Part of a series on the |
Evolutionary algorithm |
---|
![]() |
Genetic algorithm (GA) |
Genetic programming (GP) |
Differential evolution |
Evolution strategy |
Evolutionary programming |
Related topics |
In computer programming, genetic representation is a way of presenting solutions/individuals in evolutionary computation methods. The term encompasses both the concrete data structures and data types used to realize the genetic material of the candidate solutions in the form of a genome, and the relationships between search space and problem space. In the simplest case, the search space corresponds to the problem space (direct representation). [1] The choice of problem representation is tied to the choice of genetic operators, both of which have a decisive effect on the efficiency of the optimization. [2] [3] Genetic representation can encode appearance, behavior, physical qualities of individuals. Difference in genetic representations is one of the major criteria drawing a line between known classes of evolutionary computation. [4] [5]
Terminology is often analogous with natural genetics. The block of computer memory that represents one candidate solution is called an individual. The data in that block is called a chromosome. Each chromosome consists of genes. The possible values of a particular gene are called alleles. A programmer may represent all the individuals of a population using binary encoding, permutational encoding, encoding by tree, or any one of several other representations. [6] [7]

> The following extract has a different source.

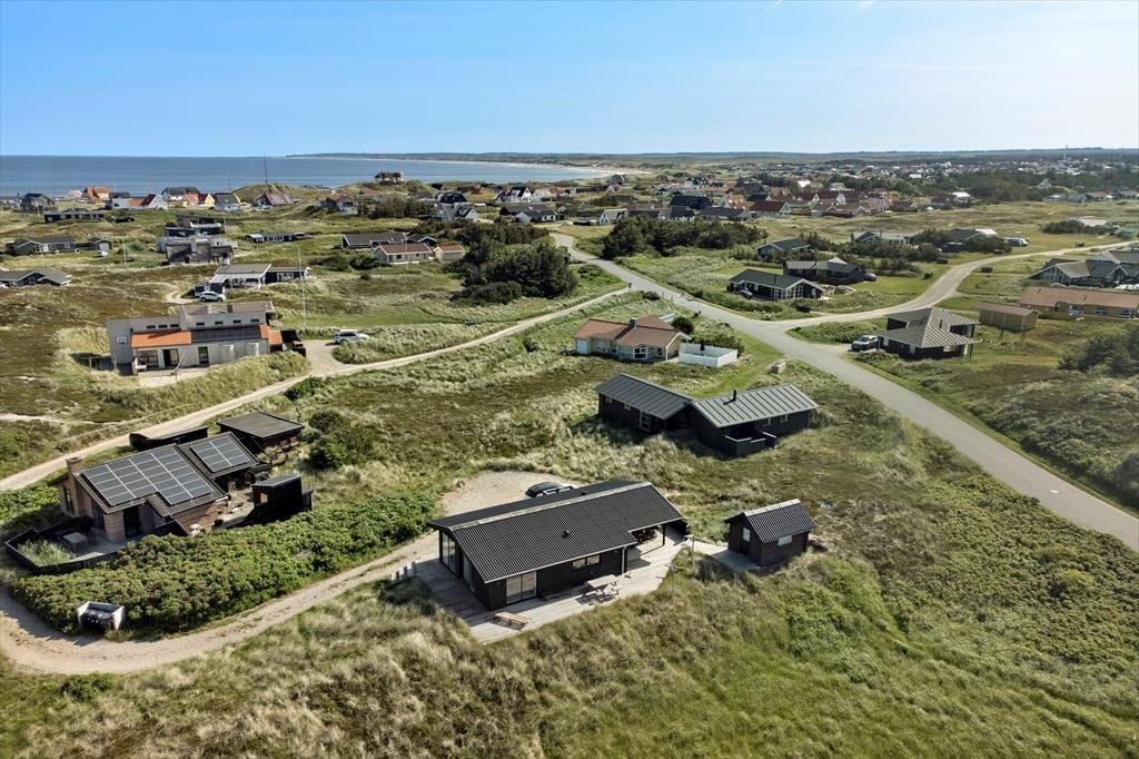 Udendørs er omgivelserne mindst lige så fortryllende som indenfor. Sommerhuset ligger fredeligt i et roligt område, lige op ad klitterne, hvor naturen bliver en del af din dagligdag. Efter en dag ved stranden kan du skylle sandet af under den udendørs bruser, mens du nyder lyden af havet i baggrunden. På terrassen kan du lade dagens tempo falde, nyde solens varme og lytte til fuglesang, mens du forbereder en hyggelig grillaften. Husk også i den forbindelse at nyde de smukke solnedgange og udsigten over Vesterhavet. Den rummelige grund giver også mulighed for leg og aktiviteter i det fri for både store og små.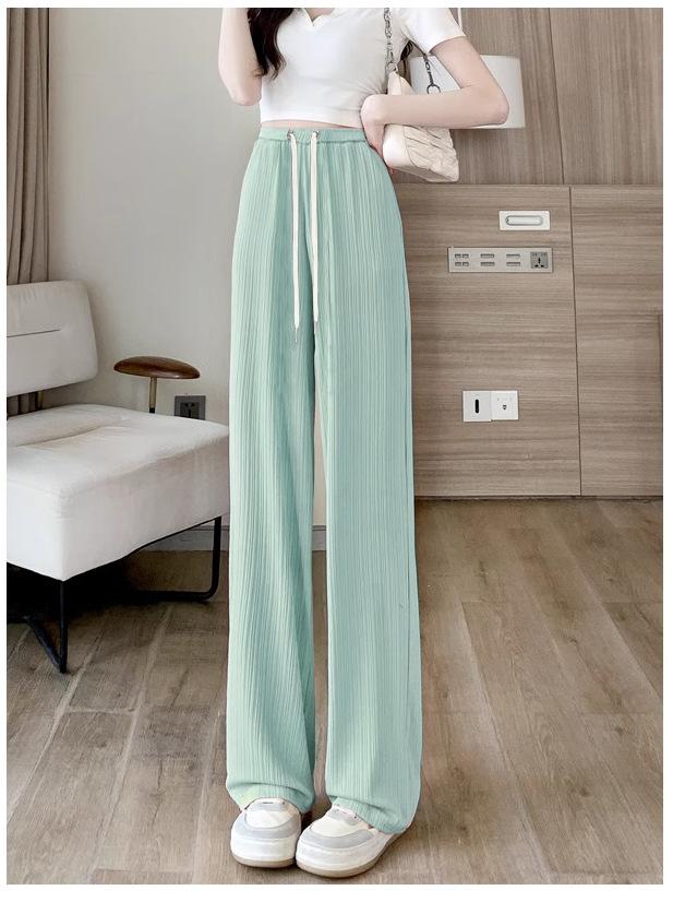 Pantalones de mujer embarazada 2024 nuevo verano sin soporte abdominal con cordón pantalones de pierna ancha primavera y verano pantalones de fregona fina de seda de hielo ropa exterior

Genetic algorithms (GAs) are typically linear representations; [8] these are often, but not always, [9] [10] [11] binary. [10] Holland's original description of GA used arrays of bits. Arrays of other types and structures can be used in essentially the same way. The main property that makes these genetic representations convenient is that their parts are easily aligned due to their fixed size. This facilitates simple crossover operation. Depending on the application, variable-length representations have also been successfully used and tested in evolutionary algorithms (EA) [12] [13] in general and genetic algorithms [14] [15] in particular, although the implementation of crossover is more complex in this case.
Evolution strategy uses linear real-valued representations, e.g., an array of real values. It uses mostly gaussian mutation and blending/averaging crossover. [16]
Genetic programming (GP) pioneered tree-like representations and developed genetic operators suitable for such representations. Tree-like representations are used in GP to represent and evolve functional programs with desired properties. [17]
Human-based genetic algorithm (HBGA) offers a way to avoid solving hard representation problems by outsourcing all genetic operators to outside agents, in this case, humans. The algorithm has no need for knowledge of a particular fixed genetic representation as long as there are enough external agents capable of handling those representations, allowing for free-form and evolving genetic representations.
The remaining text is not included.